What’s in a Name?
Truthfully I don’t think about this much, for myself. I forget, however, that for some it isn’t so simple, and therefore some don’t see mine as simplicity.
Nix, nickname for Nicole, not a scene name, but what my day to day friends mostly call me.
Nix Nepenthe, ok, well there we do have a pseudonym, chosen for fetish modeling and BDSM porn (when I get to do it, lol).
Frankly, it’s not too hard to find the given name for the pseudonym, and I could care less. Mostly I keep the two separate so my mother doesn’t unwittingly stumble over graphic images of her daughter being beaten, etc.
However, having told her I was attending Fetishcon, I’m kinda out of the closet anyway. I’d tell her whatever she wanted to know… we’ve simply mutually agreed there are things she doesn’t want to know.
I learned this lesson the hard way: in the military. Naval Reserve, the fuckers.
Huge relationship backstory that I just cannot bother to go into… suffice to say I signed up for the Naval Reserve (fuckers) 8 years. I did my physical and took my tests, and got high rankings and was slated for crypto (yes, I am smart and I love puzzles) so off I went to boot camp. Some trauma occurred, partly because I was aware of what they were doing to manipulate us and partly due to dental surgery I needed at the time (KILL yourself before you let Naval dentists TOUCH you, let alone extract impacted wisdom teeth…)
Story as short as possible, they bounced my from Crypto A because I was a security risk (I’d had an abortion and not told my parents) **This is the kicker**
SO there I was, stuck in boot camp, and the only thing I could do was take a general training, and get in the top 5% of my class, giving me my pick of A schools. Well, I was second in my class (sleepwalking) and all it got me was the option to go to cook school (and I do some close to gourmet cooking on my own…) or go to my drilling point and ’strike’ for whatever.
I thought I’d get some training, learn something, get money for college… turned out it was all a frakkin lie. Crypto was NEVER an A school I could attend, despite my quals, as a reservist… they don’t waste that training. My recruiting officer failed to tell me that. Faced with ‘cafeteria cook’ and something worse I’ve blocked, I left without any ’skills’ except having survived boot camp.

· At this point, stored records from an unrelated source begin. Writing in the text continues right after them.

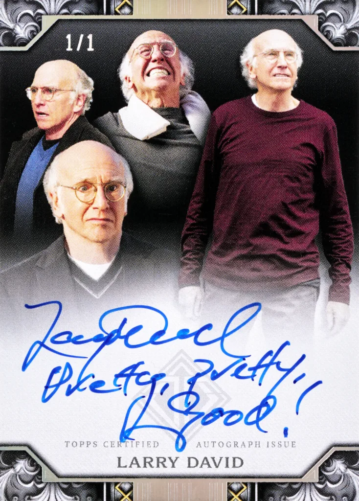 Larry David Autographs bring the comedy superstar, and one of the biggest celebrity chases, to 2025 Topps Transcendent. Collectors can chase a fantastic multi-image auto card, limited to 10 copies, capturing the expressive David at his funniest.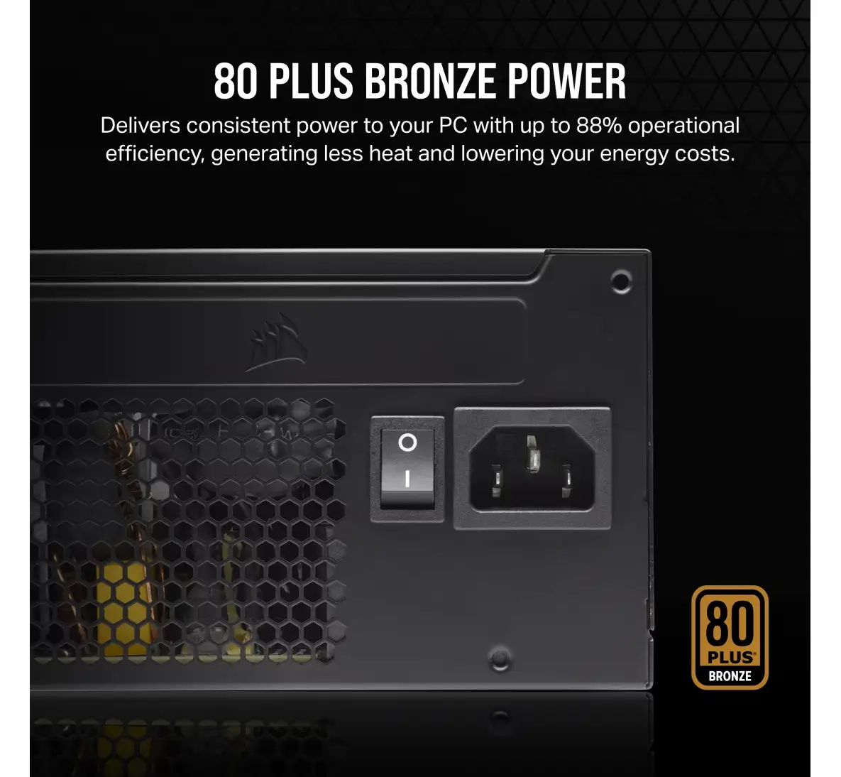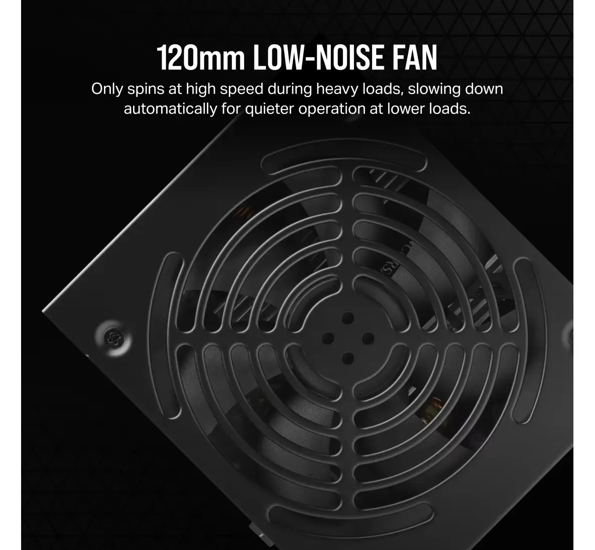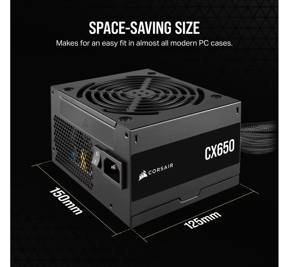The Corsair CX650 combines reliable performance and quiet operation in a compact form factor. With 80 PLUS Bronze efficiency (up to ~88%) and a 120 mm low-noise fan, it’s ideal for mainstream builds. Despite its power, the PSU is just 125 mm long, making it easier to fit in tighter cases — all while delivering guaranteed continuous power.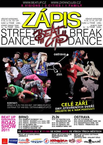 Náborová road show do kurzů street či break dance začíná 19. září v 16 hodin na náměstí Svobody a v 18 hodin u Tesca, na schodech u hlavního nádraží. Následující den 20. září pokračují ukázky od 16 hodin opětu u Tesca a od 18 hodin v obchodním centru Olympia. Poslední ukázky mohou diváci zhlédnout 21. září v 16 hodin na náměstí Svobody a závěr v 18 hodin v Campus Square.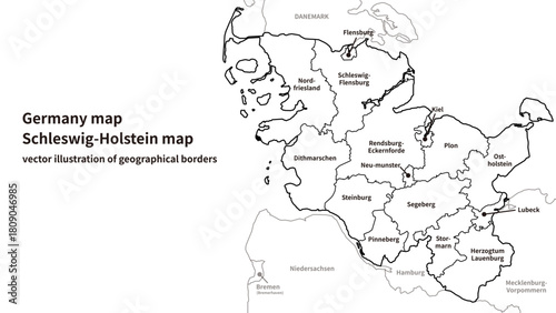© lee_hak, Obraz premium Schleswig-Holstein Map – Detailed State Map of Northern Germany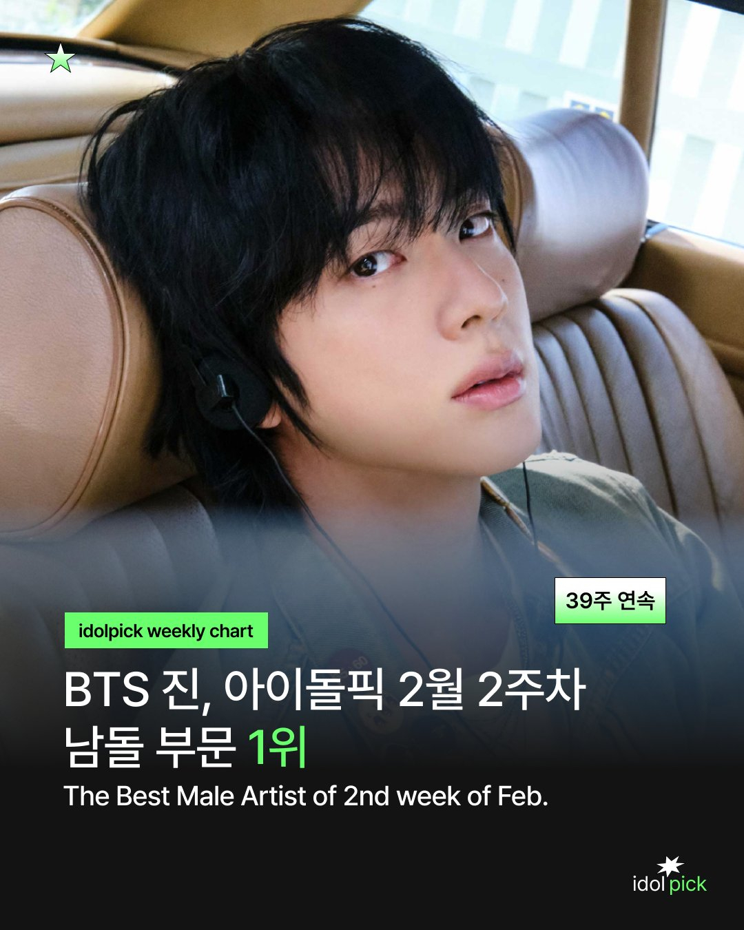 진은 아이돌 투표 서비스 '아이돌픽(idolpick)' 2월 2주차(2026년 2월 9일~2월 15일) 위클리 차트 남자 아이돌 부문에서 5만 2388포인트를 획득하며 1위에 올랐다. 이로써 해당 부문 39주 연속 정상을 지켰다. 더불어 이번 위클리 투표에서 최다 득표를 기록, 전체 부문 통합 1위까지 차지하며 막강한 팬덤 파워를 입증했다.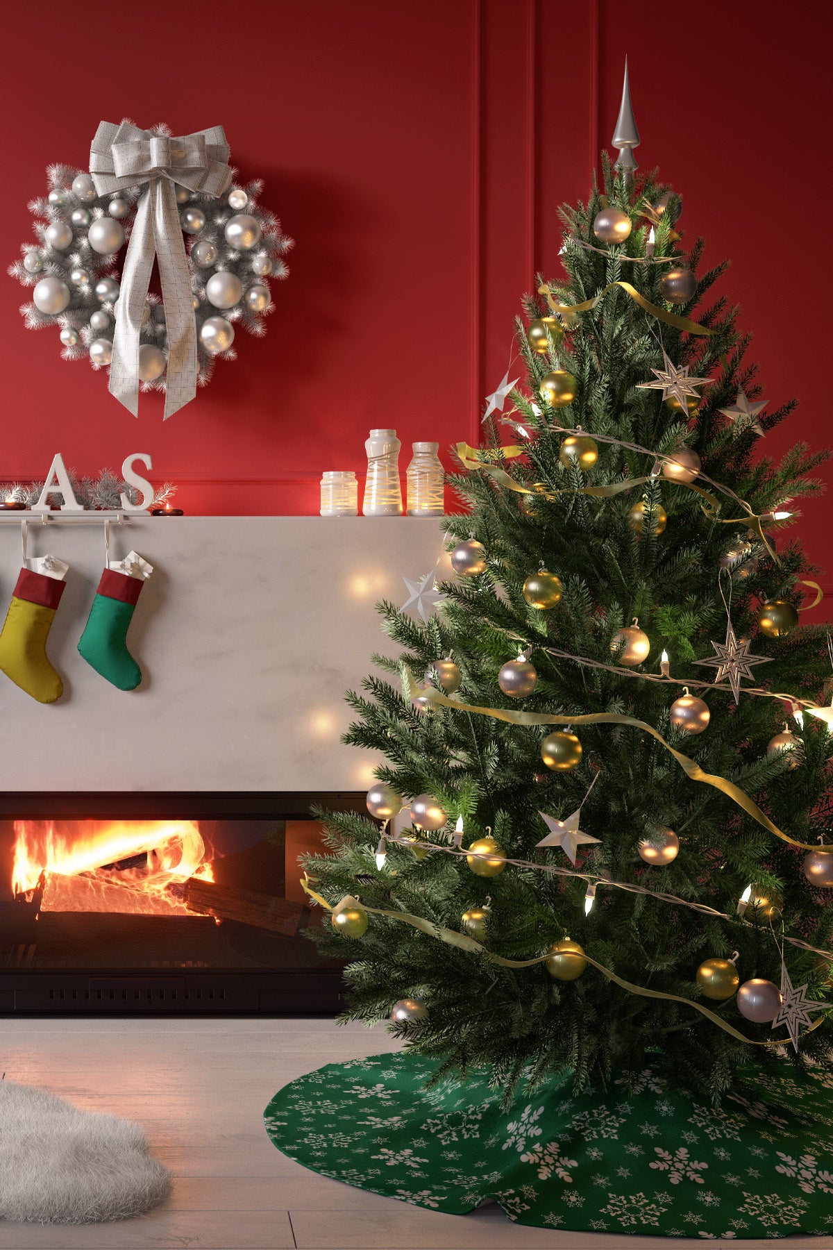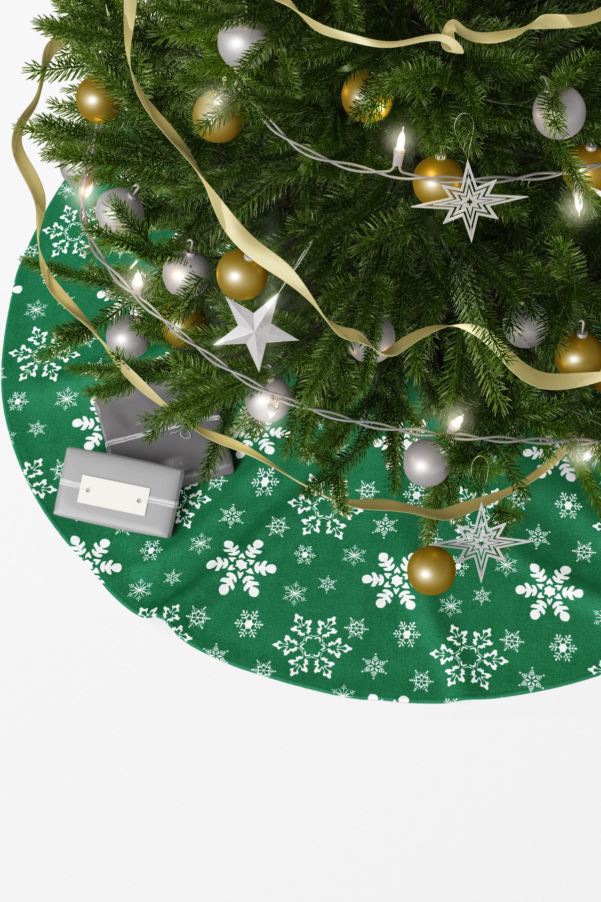 - Yeşil Beyaz Kar Taneleri Desenli Yılbaşı Çam Ağacı Örtüsü

Turned out to be the least of my worries: it’s virtually impossible to strike for a job as a reservist without attending an A school. And the ones I had access to after bootcamp…cook was the best.
Tried to strike for EE (electronics engineer) as I had a facility for it and it was my Dad’s first degree… guess how hard that is from a few books and a bunch of people who couldn’t care less? Guess, just for kicks.
Worst of it was that I had joined thinking I could use the GI bill to go to college. And I could have… except I couldn’t have majored in my love of acting. Another restriction the recruiter didn’t mention: the GI bill monies can only be used for something the military might find useful.
I was, sort of, lucky: I was released 3? Years early. I was accepted to a conservatory, and could not pursue my vocation and fulfill my obligation to the Navy at the time. I suppose their (the Navy’s) diagnosis of clinical depression didn’t hurt my cause any.
So, back to the abortion: no, I never told my parents. They seemed to feel that this was an indication I could be manipulated. Bull. When they asked about it I said I’d prefer to tell them myself, but if the Navy needed to do so, fine.
So, here we are today… I have kept my ‘legit’ name and my ‘fetish/porn’ name separate because my mom likes to google things. I’d tell her any and every thing…. I just don’t want her to stumble across a hardcore BDSM vid of me accidentally.
Still: Fuck You USN!!! Despite what you think, I am unbribable.
Why?
Because I refuse to carry shameful secrets.